Despite this ironic, bitter-sweet turn of events, the SCP's performance was a great success, and was so for a variety of reasons. First and foremost, the performance -- in addition to being an effective exposure and denunciation of the city's surveillance cameras -- was a good working example of sympathetic but autonomous action. Unlike Fran Luck and the other wingnuts from the Housing Solidarity Alliance, the SCP collaborated in the rally -- the group was even photographed and videotaped for broadcast by NY1 News -- without ever trying to speak for it, change its tone or take it over. Second, the performance was presented by the largest number of SCPers ever assembled in one place. In attendance were Scott, Bill, Susan, Miranda, Gus, Kate Rebelfux, Gus, Kristin, Beth, Deb, and Ethan. Third, the performance introduced the SCP and its style of protest to several members of activist groups that had never seen or even heard about the group.
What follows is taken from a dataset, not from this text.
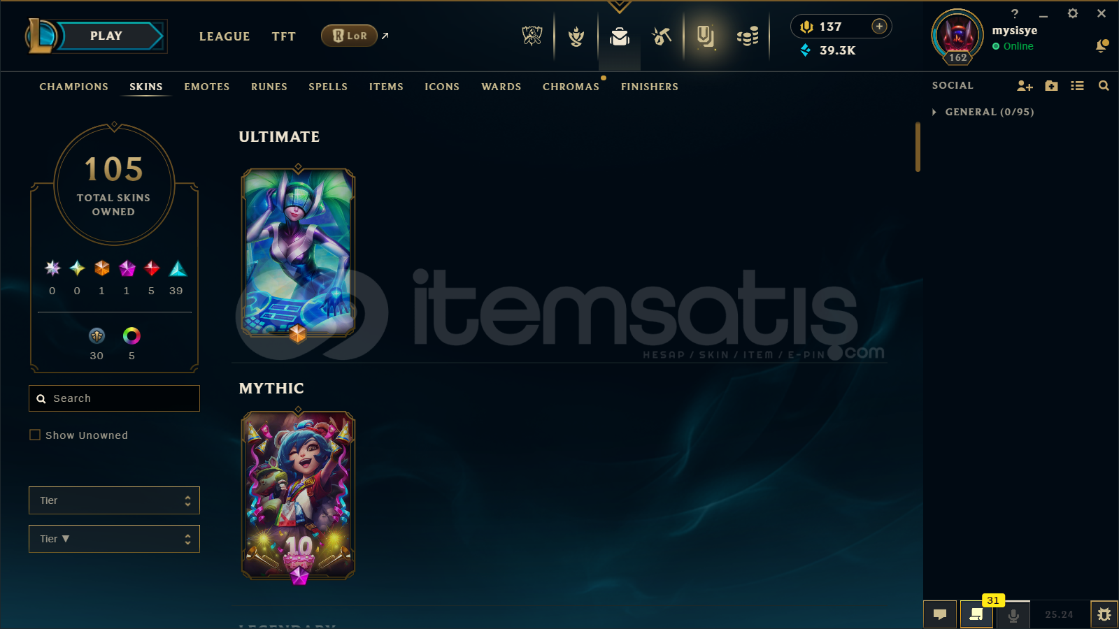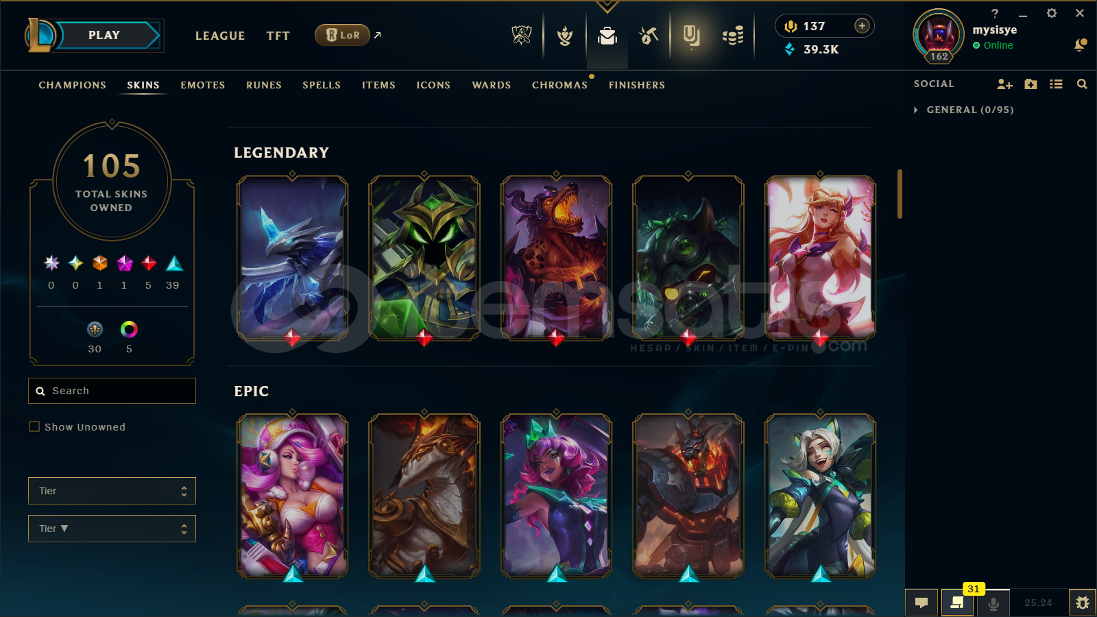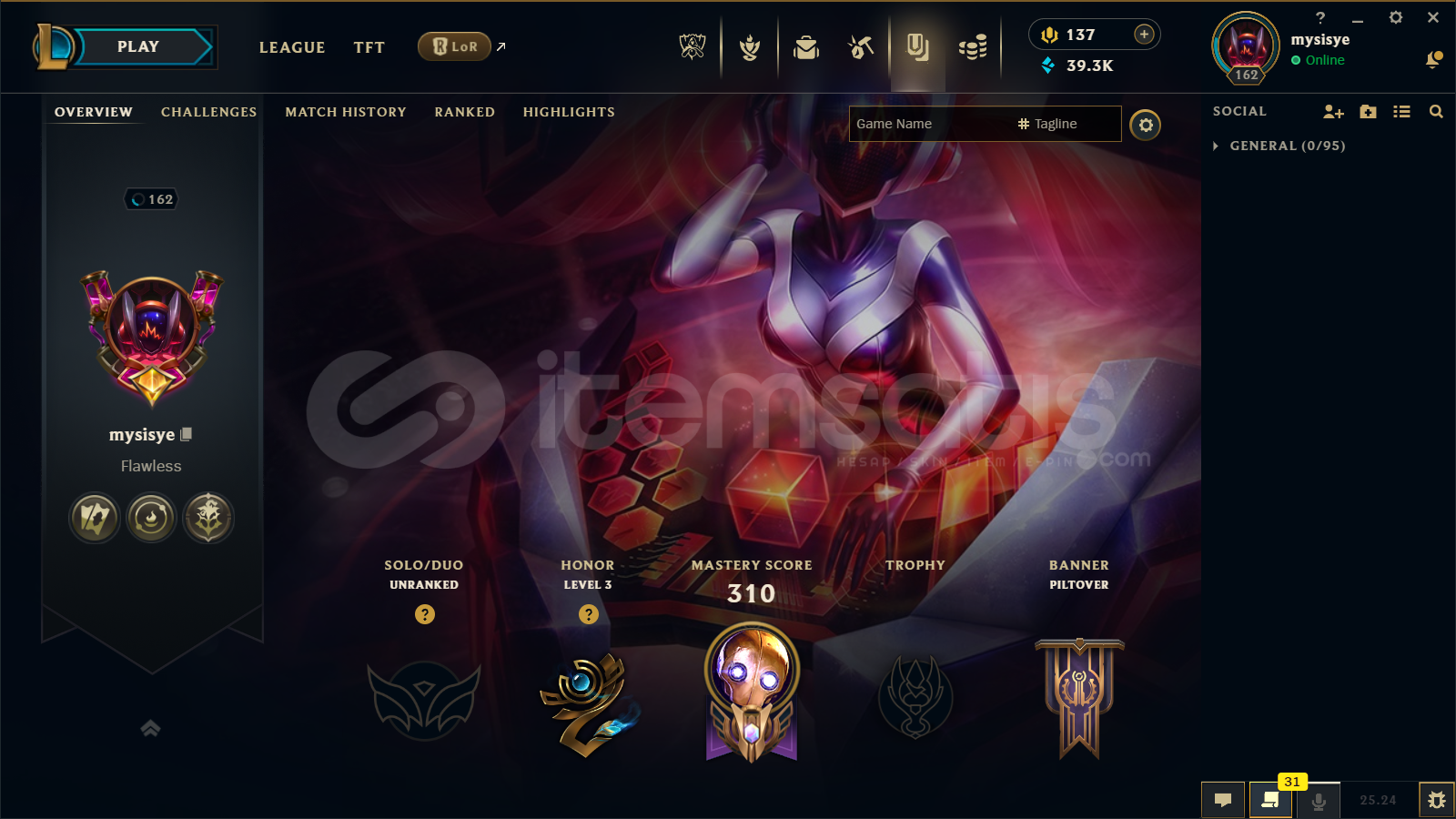 🔷 League of Legends Bilgileri🔹 Sunucu: EUW🔹 Level: 162🔹 Sıralama:• Tek/Çift: Unranked• Esnek 5v5: Unranked🔹 Mavi Öz: 39300🔹 Şampiyon Sayısı : 160🔹 Kostüm Sayısı: 105📊 OP.GG Profili : https://op.gg/tr/lol/summoners/euw/mysisye-EUW✅ Hesaplarımın Tamamen ArkasındayımPiyasadaki bir...

These included members or individuals acting on behalf of Charas, the No Spray Coalition and the Green Party.

The entire proceedings were videotaped by Jed and Amanda, who are making a documentary on the SCP, and photographed by SCP member Scott.



Addendum: Report by Susan

As the rest of the SCP were holding up boards protesting unconstitutional surveillance in public spaces, I was giving out flyers with a map showing the locations of the surveillance cameras at City Hall & in the park. I spoke with one young black man who was very interested in the map & he picked right up on the fact that the cameras are used for racial profiling. He took some extra flyers to show his friends. I spoke with a couple from Holland who were aware of the surveillance problem especially in England where they said they had noticed the cameras are everywhere. They said that in Holland the citizens were included in the decision of where & when cameras can be used, and they agreed that the kind of total surveillance being perpetrated on the citizens of UK & US is a violation of civil rights. . . . I spoke to two young black men in hooded t-shirts who said nothing but nodded vigorously & took extra copies of the map as they went down to the subway. An older man wanted to know why I thought [so-called] SECURITY was bad, so I talked about the videotaping of demonstrators & the pre-emptive arrests of activists in Washington DC. He was there to complain about the rent increases, so he agreed that he wouldn't like to be profiled as an agitator.